### Dataset entries
BEGIN

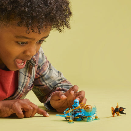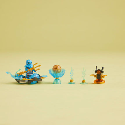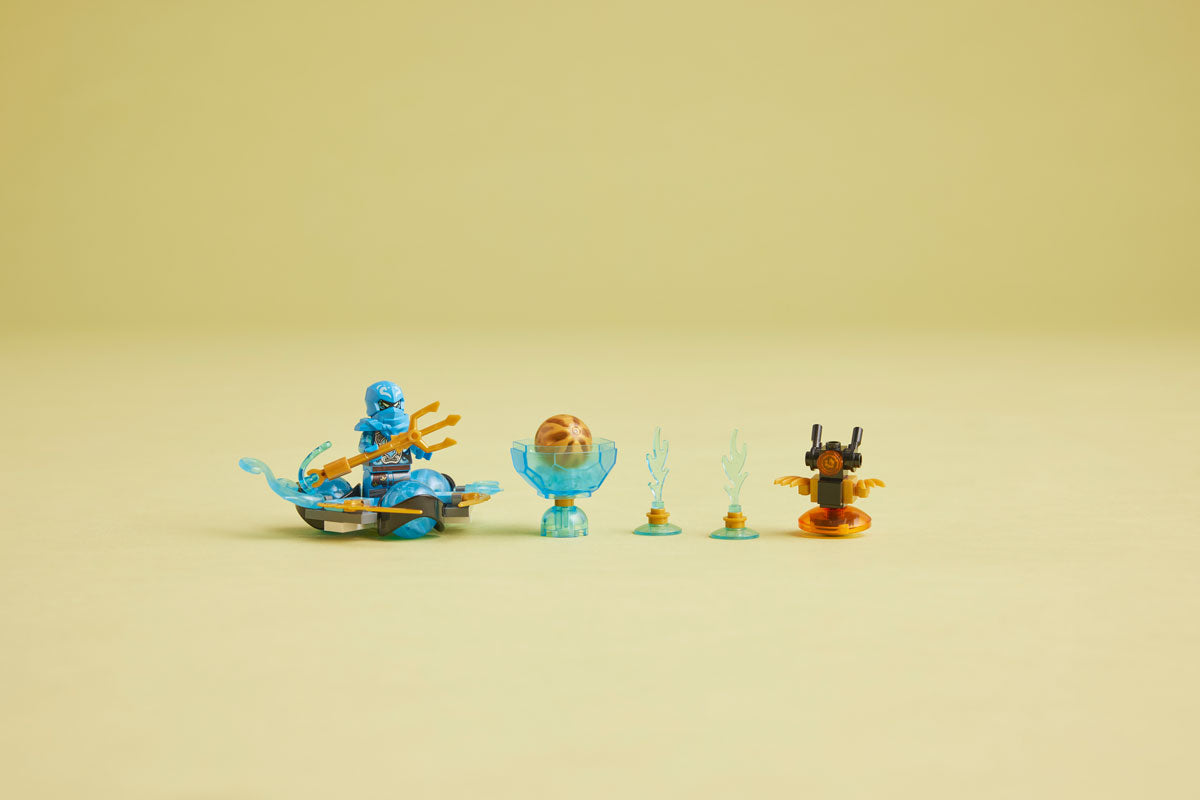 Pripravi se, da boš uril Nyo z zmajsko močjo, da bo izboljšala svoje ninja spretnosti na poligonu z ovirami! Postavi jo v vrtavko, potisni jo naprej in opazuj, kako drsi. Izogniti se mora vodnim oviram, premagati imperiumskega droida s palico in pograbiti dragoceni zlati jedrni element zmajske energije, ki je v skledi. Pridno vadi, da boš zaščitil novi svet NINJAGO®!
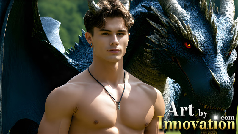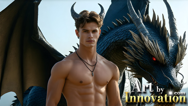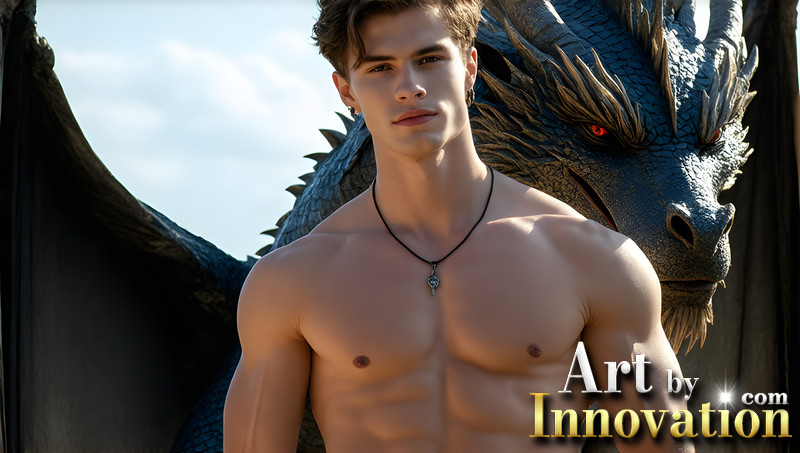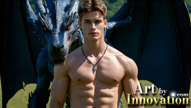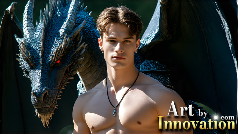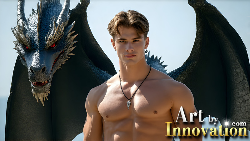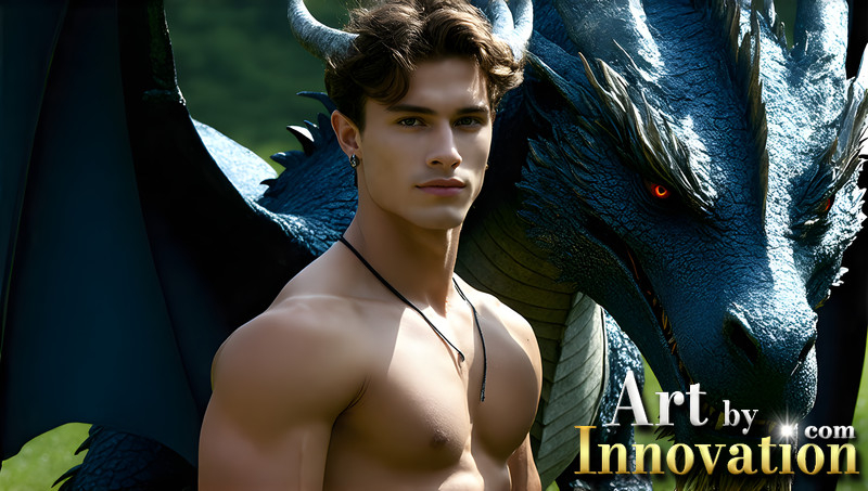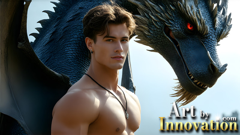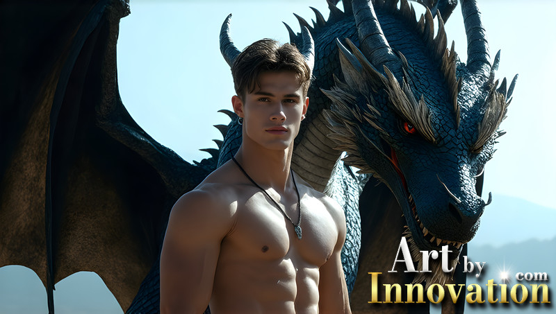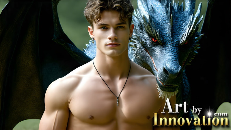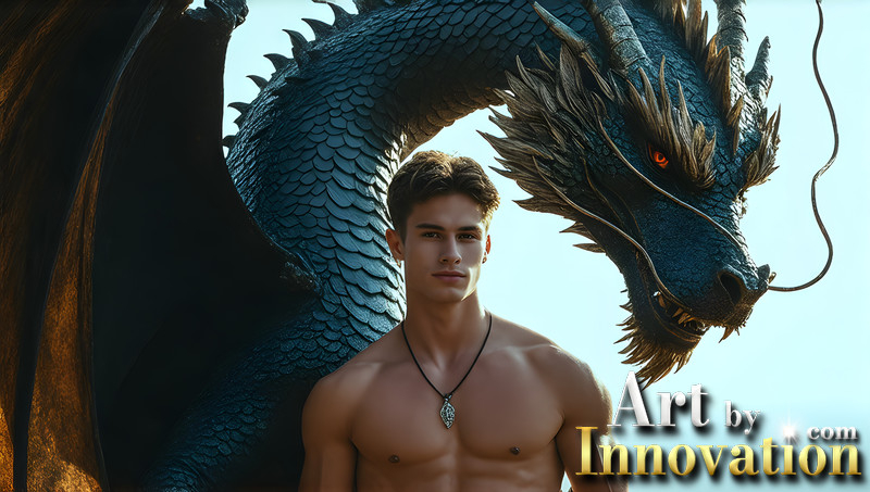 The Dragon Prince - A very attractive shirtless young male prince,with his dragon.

END
BEGIN

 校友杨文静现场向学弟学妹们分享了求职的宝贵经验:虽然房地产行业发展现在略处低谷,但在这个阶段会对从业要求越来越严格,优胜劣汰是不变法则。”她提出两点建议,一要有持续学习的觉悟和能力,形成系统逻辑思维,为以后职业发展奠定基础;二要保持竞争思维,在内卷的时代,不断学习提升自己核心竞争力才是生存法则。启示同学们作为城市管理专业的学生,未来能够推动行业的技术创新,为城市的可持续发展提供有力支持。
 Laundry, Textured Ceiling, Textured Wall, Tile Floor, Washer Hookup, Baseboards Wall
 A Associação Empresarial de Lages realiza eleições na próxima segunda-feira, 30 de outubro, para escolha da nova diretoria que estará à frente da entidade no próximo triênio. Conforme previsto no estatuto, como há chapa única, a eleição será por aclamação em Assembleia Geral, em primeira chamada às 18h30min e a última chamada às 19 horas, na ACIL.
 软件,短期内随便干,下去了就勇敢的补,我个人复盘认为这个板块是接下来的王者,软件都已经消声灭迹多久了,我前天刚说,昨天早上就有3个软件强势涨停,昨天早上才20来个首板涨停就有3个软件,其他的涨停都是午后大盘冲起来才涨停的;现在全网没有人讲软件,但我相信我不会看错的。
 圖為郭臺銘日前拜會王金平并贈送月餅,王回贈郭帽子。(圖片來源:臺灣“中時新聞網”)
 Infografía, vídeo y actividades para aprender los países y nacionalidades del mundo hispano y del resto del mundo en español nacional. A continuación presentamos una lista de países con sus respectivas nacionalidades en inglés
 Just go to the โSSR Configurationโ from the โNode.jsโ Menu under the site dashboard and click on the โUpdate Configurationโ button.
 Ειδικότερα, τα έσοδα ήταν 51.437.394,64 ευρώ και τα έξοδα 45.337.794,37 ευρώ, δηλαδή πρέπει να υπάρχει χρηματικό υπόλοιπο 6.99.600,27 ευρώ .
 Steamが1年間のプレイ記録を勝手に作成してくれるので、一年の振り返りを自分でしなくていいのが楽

END

### Task to complete
Wherever the line holding "校友杨文静现场向学弟学妹们分" falls in the entries above, copy exactly from it through the line holding "A Associação Empresarial", inclusive, and add nothing.

### Solution for this exercise
 校友杨文静现场向学弟学妹们分享了求职的宝贵经验:虽然房地产行业发展现在略处低谷,但在这个阶段会对从业要求越来越严格,优胜劣汰是不变法则。”她提出两点建议,一要有持续学习的觉悟和能力,形成系统逻辑思维,为以后职业发展奠定基础;二要保持竞争思维,在内卷的时代,不断学习提升自己核心竞争力才是生存法则。启示同学们作为城市管理专业的学生,未来能够推动行业的技术创新,为城市的可持续发展提供有力支持。
 Laundry, Textured Ceiling, Textured Wall, Tile Floor, Washer Hookup, Baseboards Wall
 A Associação Empresarial de Lages realiza eleições na próxima segunda-feira, 30 de outubro, para escolha da nova diretoria que estará à frente da entidade no próximo triênio. Conforme previsto no estatuto, como há chapa única, a eleição será por aclamação em Assembleia Geral, em primeira chamada às 18h30min e a última chamada às 19 horas, na ACIL.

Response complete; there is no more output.